This Week: The Senate vs. the Credit Card Companies
We all know how this battle has played out in the past. Indeed, though the House easily passed a credit card reform bill in 2008 and again this year, Senate Democrats didn’t move their version anywhere last year, and it barely got out of the Banking Committee in March.
Things could be different this time around. Despite a month-long delay, the upper chamber will begin consideration of its bill today. Sen. Chris Dodd (D-Conn.), the sponsor of the proposal who’s been in negotiations with Sen. Richard Shelby (R-Ala.) over a compromise, said Monday that a deal was struck over the weekend.

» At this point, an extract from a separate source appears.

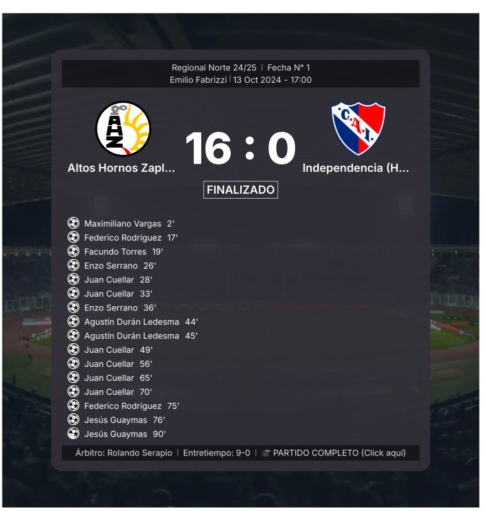 En Jujuy, Altos Hornos Zapla goleó a Independencia de Humahuaca por 16 a 0 en condición de local.
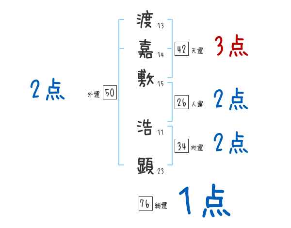 渡嘉敷浩顕さんの画数の鑑定結果

Two questions come readily to mind: (1) To what extent did Dodd have to water down the consumer protections to get Shelby on board, and (2) Will it be enough to get 60 senators on board?
In a statement, Dodd said he anticipates a tough fight on the floor:
While I expect some battles in the coming days from credit card companies and their allies in an effort to diminish these strict new rules, I stand ready to fight against any attempt to weaken the strong consumer protections in this bill.
The debate is a timely one. The New York Times reported today that the banks are already bracing for potentially enormous losses in the credit card sector, as more and more borrowers struggle to pay their bills amid rising unemployment.
The banks are certain to push the case that Congress shouldn’t be doing anything further to hurt their bottom lines — even in the name of consumer protection. We’re about to find out where the Senate’s loyalties lie.